It's a fair point that hackers do tend to need bigger dice pools because of the need to succeed on more tests than the gunbunnies need to succeed on to win a combat.
Still, whether you can't be seen with 16 dice or you can't be seen with 20 dice or you can't be seen with 24 dice, the Host goes on alert at GM's whim/discretion anyway. It only takes one hit on an unopposed (i.e. your dice pool is irrelevant) perception test to know there's a silent running icon in the host. BAM that's potentially all it takes for a GM to say the whole damn facility goes on red alert, if he's got a mind to.
Edit: I kinda like running NOT silent when I'm hacking a host anyway. You can't get in if you don't have a mark, so as far as the Patrol IC is concerned you're legit. But again, until such time the GM decides "no, the host goes on alert now" so fundamentally it's no different than running silent. Only you don't suffer the -2 dice penalty
Ditto, but that all depends on the Host. Most Missions seem to have ghost towns for Hosts so hackers stick out.

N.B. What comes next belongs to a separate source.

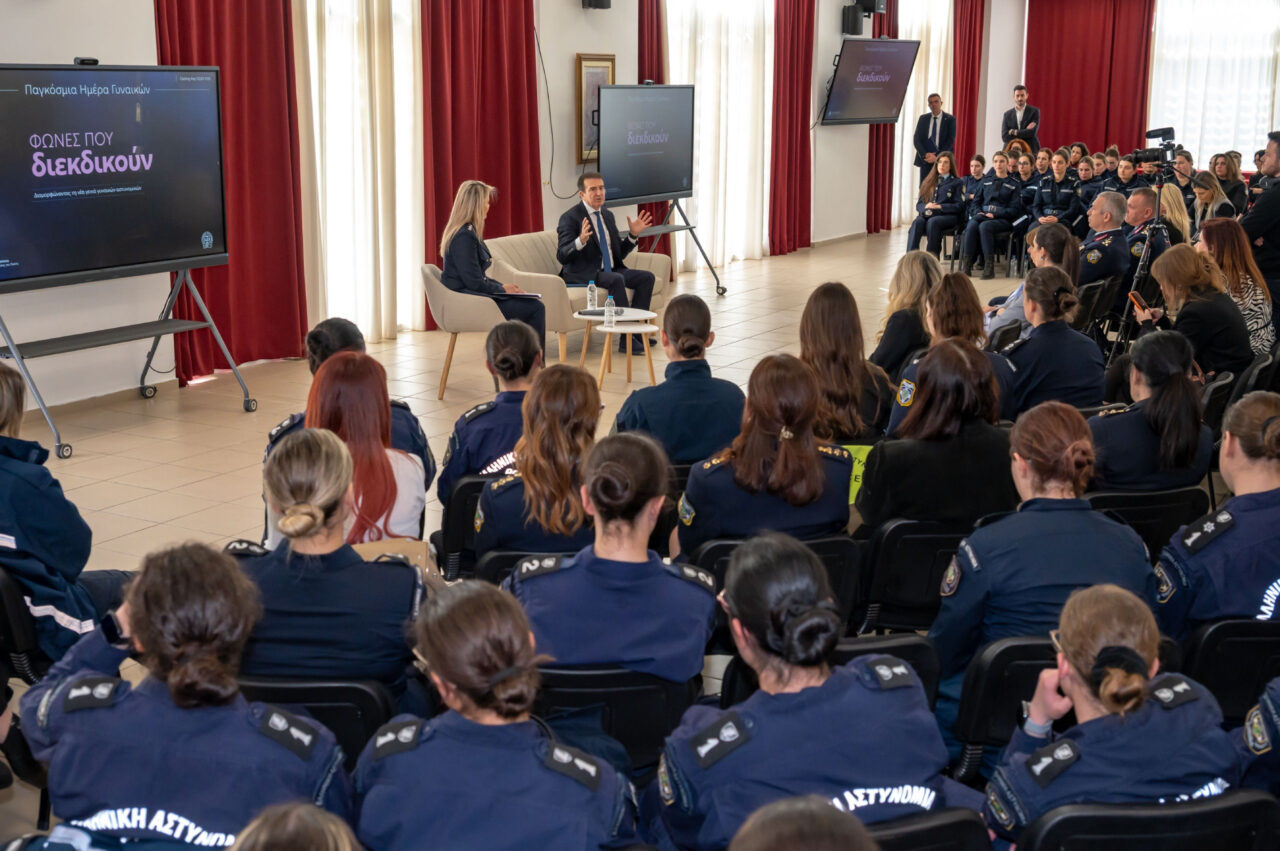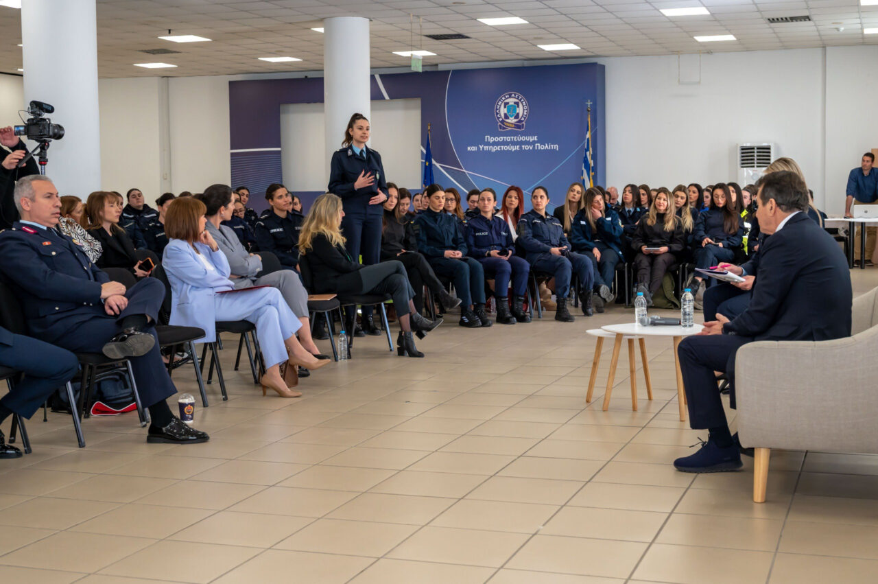 «Οι προκλήσεις είναι εδώ, είναι ανοιχτές και σας καλώ να ανταποκριθείτε γιατί η πολιτική βούληση είναι δεδομένη και ισχυρή και να είστε βέβαιες ότι όλες όσες έχετε τη δυνατότητα αυτή, εμείς θα σας δώσουμε την ευκαιρία να την εξαντλήσετε», ήταν το μήνυμα που απηύθυνε ο Υπουργός Προστασίας του Πολίτη, Μιχάλης Χρυσοχοΐδης μιλώντας σε δόκιμες Υπαστυνόμους, σε Αστυνομικούς γυναίκες από επιχειρησιακές υπηρεσίες, όπως και σε Ανώτατες και Ανώτερες Αξιωματικούς που υπηρετούν σε θέσεις ευθύνης, στο πλαίσιο της δράσης για την ενδυνάμωση των νέων γυναικών της ΕΛ.ΑΣ, με τον τίτλο: «Διαμορφώνοντας τη νέα γενιά γυναικών αστυνομικών», που πραγματοποιήθηκε στη Σχολή Αξιωματικών της Ελληνικής Αστυνομίας, τη Δευτέρα 9 Μαρτίου 2026.
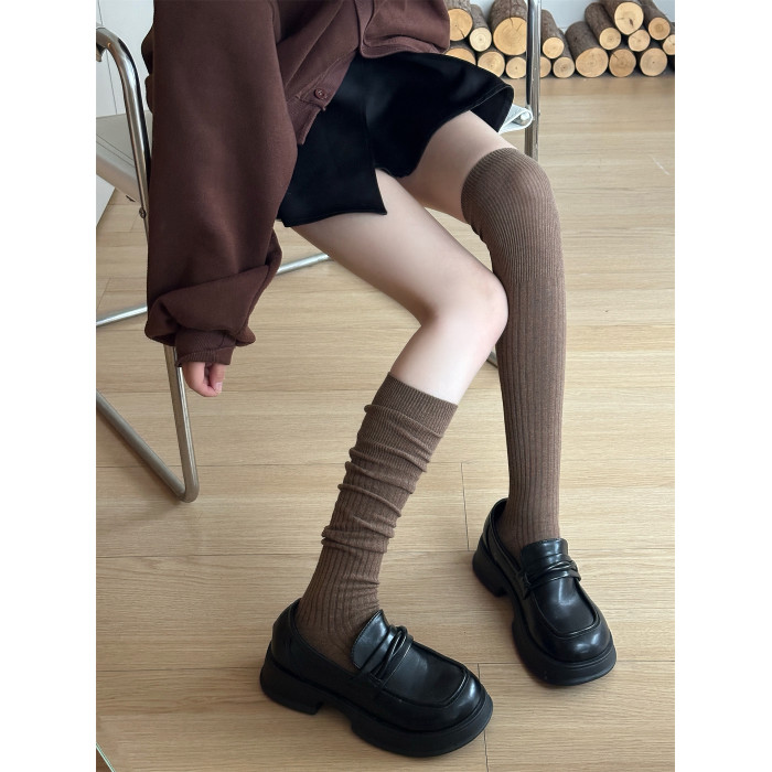 2025春秋長筒過膝堆堆襪女咖啡miu風曡穿竪條顯瘦配靴子的襪子棉

And a Hacker should be in and out of a Host pretty quick. In, find the thing, hack the thing, leave. If your plan involves hacking several things in a moderate to high rating host, you need a new plan. Even a Rating 5 host is tossing 12ish dice and will potentially run your Overwatch score up fast.
If the GM decides the Spider or IC does the "Check for Silently Running Icons" every few Seconds... yeah, the Host is going on Alert. Absolutely nothing a PC can do about it, which is why GMs shouldn't do that and should be using the Data Trail chart on p. 86 to search specifically for the Hacker with an opposed Matrix Perception roll. And also because the "Check the area for Silently Running Icons" is a hot mess of a rule and should be ignored, and the standard Matrix Perception Action should be used in all cases.